Kirkus Reviews QR Code
THE WORLD UNTIL YESTERDAY by Jared Diamond Kirkus Star

THE WORLD UNTIL YESTERDAY

What Can We Learn from Traditional Societies?

by Jared Diamond

Pub Date: Dec. 31st, 2012
ISBN: 978-0-670-02481-0
Publisher: Viking

A supple and engaged journey into traditional societies and an exploration of their ways of life, from the Pulitzer Prize–winning author of Guns, Germs, and Steel (1997).

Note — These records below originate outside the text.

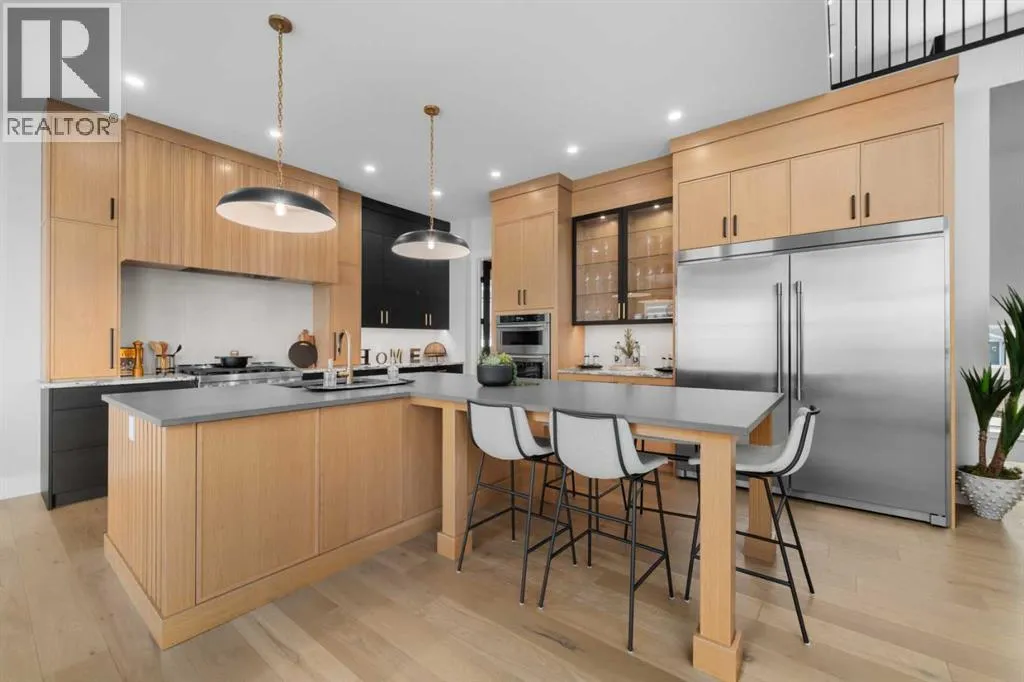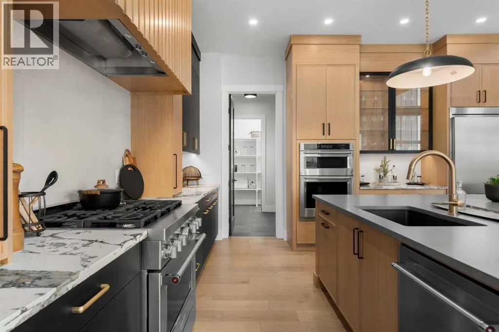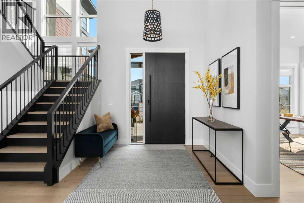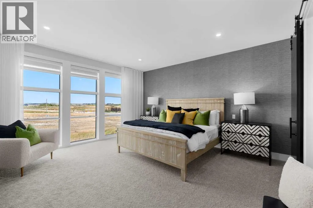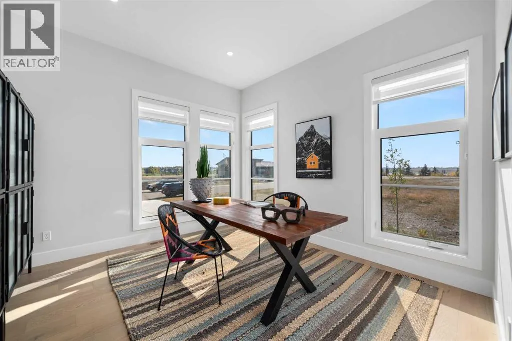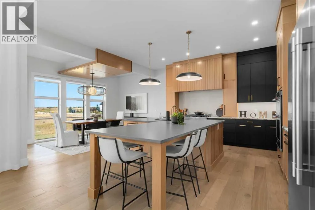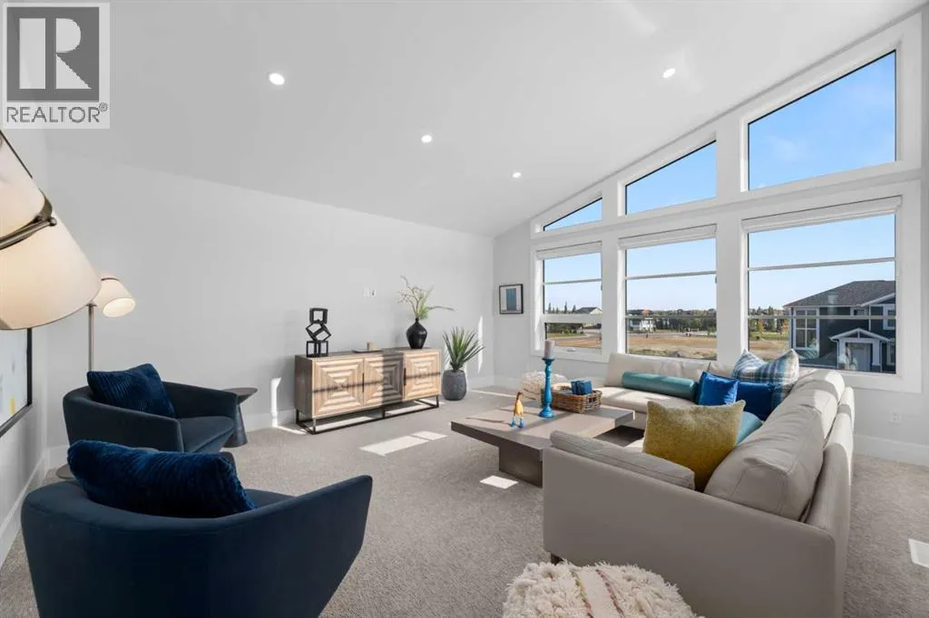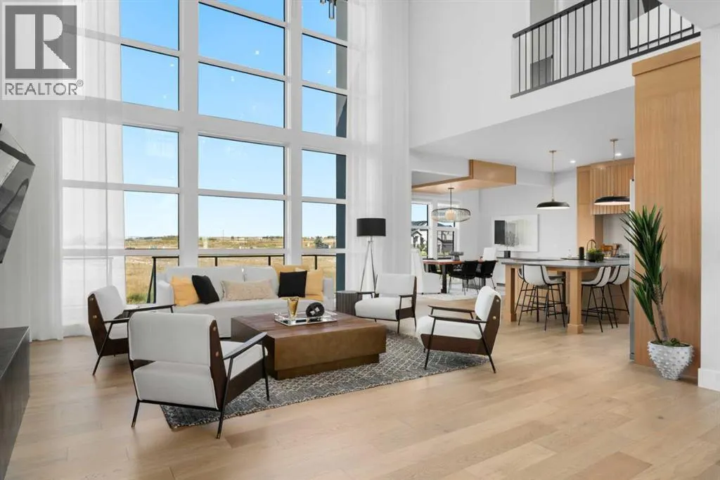 Welcome to the âAuroraâ Showhome, Â a masterpiece by award-winning builder Cornerstone Luxury Homes (now offered with a finished basement). Thoughtfully designed with intention and purpose, this home strikes the perfect balance of elegance and comfort in the welcoming, family-friendly community of Monterra on Cochrane Lakes, just minutes from the town of Cochrane. Set on a 0.28-acre lot, this stunning two-storey offers over 4,900 sq. ft of refined living space, 5 bedrooms, 4 bathrooms and a triple car garage. A striking mezzanine bridge and expansive windows showcase breathtaking views, while the open-concept main floor creates an ideal flow for family living and entertaining. The great room impresses with soaring vaulted ceilings and a sleek linear gas fireplace. The chef-inspired kitchen features a large center island, custom cabinetry, premium appliances, and an impressive butlerâs pantry. Completing the main level are a dedicated office/study, spacious dining area, oversized mudroom, and elegant 2-piece powder room. Step outside to the expansive wrap-around deck, perfect for al fresco dining and unforgettable sunsets. Upstairs, the primary retreat is a serene escape, offering space for a king-sized bed, a spa-inspired 5-piece ensuite, and a custom walk-in closet. Two additional bedrooms, a 5-piece bath, and a light-filled bonus room provide ample space for family and guests.The fully developed basement expands your living space with a bedroom, a wine bar, a comfortable recreation room, and a gym that could also be used as a bedroom ensuring the home is truly move-in ready (basement development is in progress). The oversized, heated three-car garage with epoxy floors easily accommodates vehicles, storage, and recreational gear. Monterra offers an exceptional lifestyle, with tranquil lakes, scenic pathways, and generous lots, while keeping you close to the charm of Cochrane and the convenience of Calgary. Available as a leaseback. Book your private showing today or visit the showhome during open hours to learn all that Monterra has to offer. Showhome Hours: MonâThurs 2:00â8:00 | Sat & Sun 12:00â5:00. (id:27476)
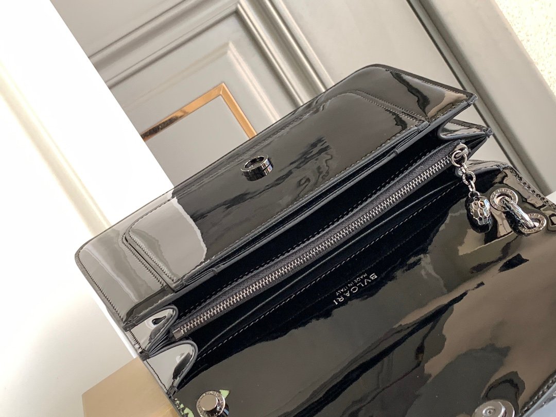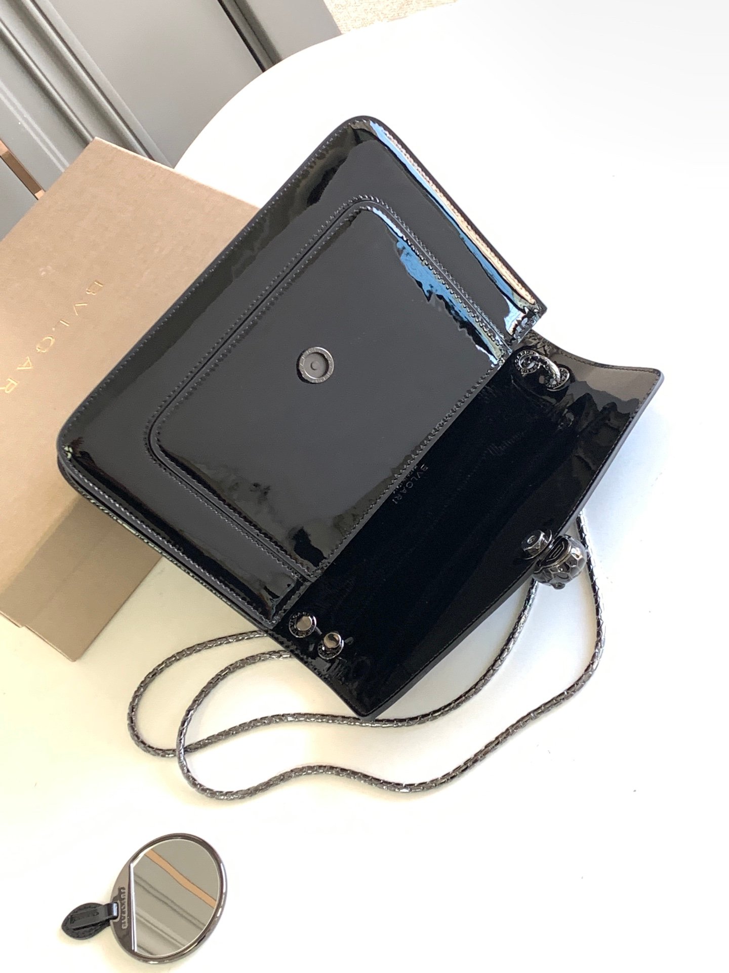 Chip Edition nBVLGA** 🎀SERPENTI FOREVER n EAST-WEST Collection Small Shoulder Bag n🔸 In glossy brushed black calf leather for a modern and even shine n Gunmetal colored enamel embellished with sensual black onyx stone eyes 👀 n The classic snake head magnetic clasp 🐍 is embellished with a seductive touch n🔹 with an adjustable detachable leather shoulder strap ✔️n featuring a single compartment,  1️⃣ front pocket,  1️⃣ back patchwork pocket,  1️⃣ interior quilted stitching pockets,  3️⃣ card slots,  1️⃣ personalized vanity mirror and B**GARI back decoration. Bvlgari metal logo n🔸 retains the practical size and classic elements n more compact and exquisite with large capacity n a variety of carrying methods to meet the daily needs 🙌n🔹 with an upgraded gift box 🎁nSize:22*15*4.5Cm⚠️ 2921030801
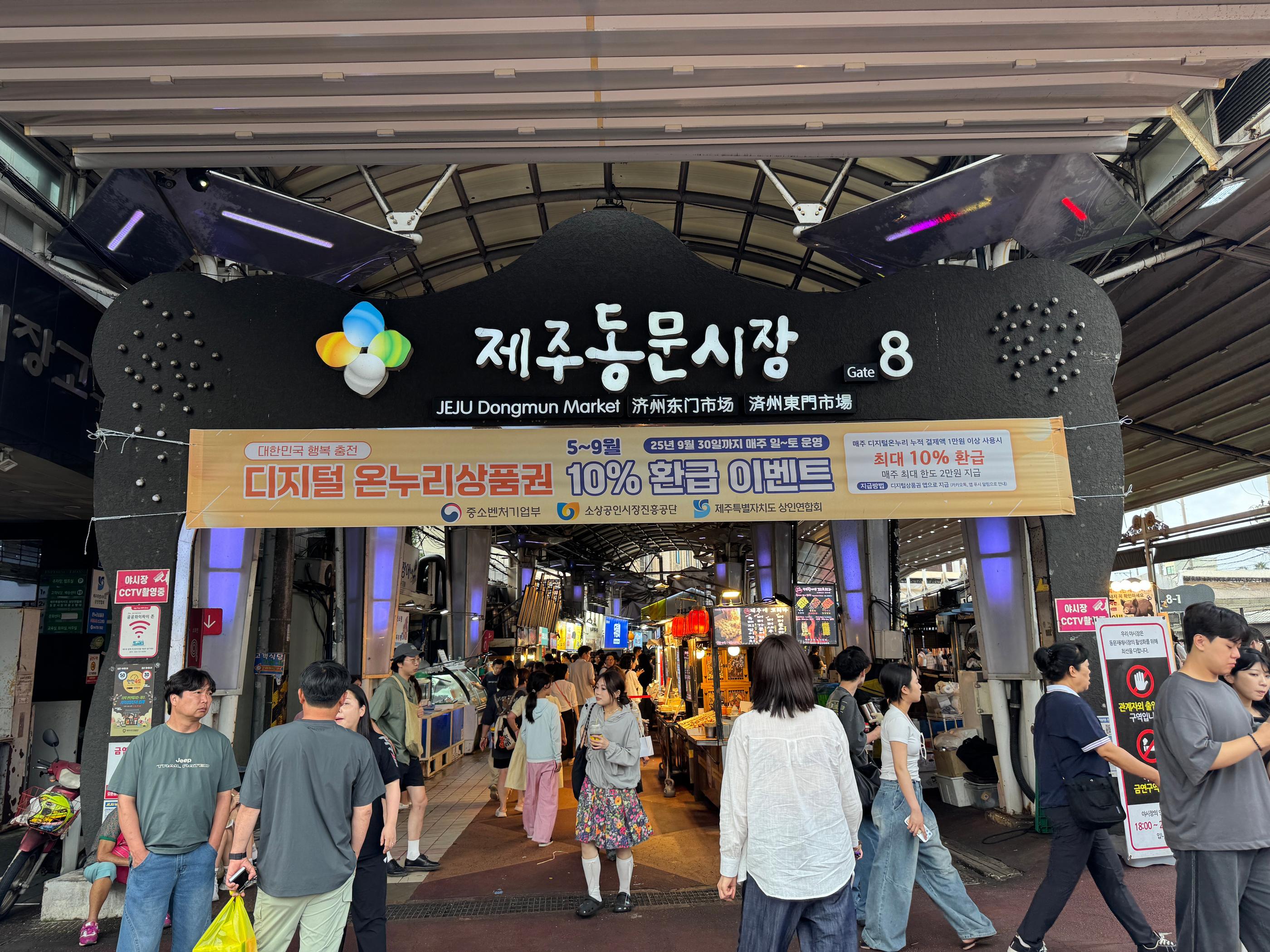Một khu chợ địa phương sôi động nơi bạn có thể thưởng thức ẩm thực đường phố Jeju và

As Diamond writes (Geography/UCLA; Collapse: How Societies Choose to Fail or Succeed, 2004, etc.), traditional societies—those that retain features of how our ancestors lived for tens of thousands of years, with low population densities in small groups, subsisting on hunting-gathering, farming or herding, with little transformative contact with industrial societies—hold a fascination to many of us. They provide a window into how society used to be fashioned and how we have found, or not, solutions to human problems. Diamond’s investigation of a selection of traditional societies, and within them a selection of how they contend with various issues—dispute resolution, child rearing, treatment of the elderly, alertness to dangers, etc.—is leisurely but not complacent, informed but not claiming omniscience. As he notes, the range and complexity of traditional societies does not permit easy generalizations. The author compares these societies with our “state” societies to see where their attributes shine more favorably. He is unafraid of making some sweeping suggestions—“Increases in political centralization and social stratification were driven by increases in human population densities, driven in turn by the rise and intensification of food production (agriculture and herding)”—while also examining the dozens of other factors involved. Diamond’s experience with traditional societies has opened him to certain aspects that we might adopt to our benefit, including multilingualism, the importance of lifelong social bonds, nursing and physical contact with children, constructive paranoia and the significance of the aged.

A symphonic yet unromantic portrait of traditional societies and the often stirring lessons they offer.